Well, maybe we really should increase the voting age. It seems 2016 was not an anomaly. Millennials are dangerously ignorant.

Here’s some analysis from CNN.

Millennials are…bringing a distinctly Millennial approach to policy and governing. And that might include Democratic socialism. Case in point: Alexandria Ocasio-Cortez, the 28-year-old Democratic socialist who won her primary in New York Tuesday in an upset over a 10-term incumbent. More than any other generation before them, Millennials are OK with socialism. A 2016 Gallup poll found 55% of those then aged 18-29 said they had a positive view of it (it’s worth noting 57% supported capitalism and 78% supported free enterprise). …Bernie Sanders’ presidential campaign was instrumental in mainstreaming Democratic socialism.

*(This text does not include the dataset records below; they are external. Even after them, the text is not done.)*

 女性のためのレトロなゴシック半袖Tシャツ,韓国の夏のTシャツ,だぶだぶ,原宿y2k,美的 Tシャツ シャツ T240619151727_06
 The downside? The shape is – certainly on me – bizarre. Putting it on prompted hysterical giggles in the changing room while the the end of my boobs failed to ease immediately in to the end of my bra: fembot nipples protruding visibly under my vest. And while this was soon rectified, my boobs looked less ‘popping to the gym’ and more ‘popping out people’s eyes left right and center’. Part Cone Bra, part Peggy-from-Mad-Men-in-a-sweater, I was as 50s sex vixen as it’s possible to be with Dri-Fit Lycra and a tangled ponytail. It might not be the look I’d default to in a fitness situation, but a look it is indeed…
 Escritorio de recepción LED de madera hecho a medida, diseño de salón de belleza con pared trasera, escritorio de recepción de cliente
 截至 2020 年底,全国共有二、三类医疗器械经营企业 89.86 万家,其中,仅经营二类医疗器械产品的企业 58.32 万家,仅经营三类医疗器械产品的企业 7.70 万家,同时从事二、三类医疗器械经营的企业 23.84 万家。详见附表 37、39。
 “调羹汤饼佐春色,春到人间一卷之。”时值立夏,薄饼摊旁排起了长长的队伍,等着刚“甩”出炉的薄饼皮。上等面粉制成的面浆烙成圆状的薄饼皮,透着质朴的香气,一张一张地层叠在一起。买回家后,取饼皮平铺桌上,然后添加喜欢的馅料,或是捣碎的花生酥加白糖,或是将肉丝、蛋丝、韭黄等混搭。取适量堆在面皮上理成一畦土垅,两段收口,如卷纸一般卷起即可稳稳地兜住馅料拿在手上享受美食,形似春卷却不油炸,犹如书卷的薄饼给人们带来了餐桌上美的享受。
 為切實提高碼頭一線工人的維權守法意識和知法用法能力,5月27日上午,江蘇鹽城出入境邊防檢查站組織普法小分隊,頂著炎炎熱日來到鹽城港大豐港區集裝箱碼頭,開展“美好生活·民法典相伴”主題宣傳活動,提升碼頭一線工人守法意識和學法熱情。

What’s particularly galling is that young people are pessimistic about their economic future and they’ve decided to blame capitalism for problems that exist because of excessive government!

Millennials’ economic situation also plays a role. …A recent study by the Federal Reserve Bank of St. Louis found Millennials born in the ’80s have a net worth 34% below what was expected. And student debt since 2009 has doubled to $1.4 trillion… For many cash-strapped Millennials in debt, Democratic socialism isn’t radical, it’s a way to fix a system they believe failed them.

In other words, young people want to make Mitchell’s Law a never-ending reality.

Let’s look at another example. Here’s some of what Michelle Goldberg wrote in a fawning column in the New York Times.

…all over the nation, people, particularly women, are working with near supernatural energy to rebuild democracy from the ground up… For younger people who see Donald Trump’s election as the apotheosis of a rotten political and economic system, it often means trying to remake that party as a vehicle for democratic socialism. …Alexandria Ocasio-Cortez, a 28-year-old democratic socialist, shook the Democratic Party by toppling Joseph Crowley, a 19-year incumbent, chairman of the Queens County Democratic Party and potential heir to House minority leader Nancy Pelosi. …the real red wave may be democratic socialism’s growing political influence, especially among young people. …The D.S.A., to which Ocasio-Cortez belongs, is the largest socialist organization in America. Its growth has exploded since the 2016 election… Many of the D.S.A.’s goals, reflected in Ocasio-Cortez’s platform, are indistinguishable from those of progressive democrats. But if the D.S.A. is happy to work alongside liberals, its members are generally serious about the “socialist” part of democratic socialist. Its constitution envisions “a humane social order based on popular control of resources and production, economic planning, equitable distribution, feminism, racial equality and non-oppressive relationships.”

In other words, these cranks are real socialists. They actually want government to own and manage the means of production (“popular control of resources and production” and “economic planning”).

This is a problem for the non-crazy left.

Talk of popular control of the means of production is anathema to many older Democrats, even very liberal ones. …After Ocasio-Cortez’s win, Pelosi denied Republican claims that socialism is ascendant in the Democratic Party. It’s hard to blame her for being defensive, since for generations “socialist” was considered a slur, and it’s one that’s hurled at Democrats indiscriminately.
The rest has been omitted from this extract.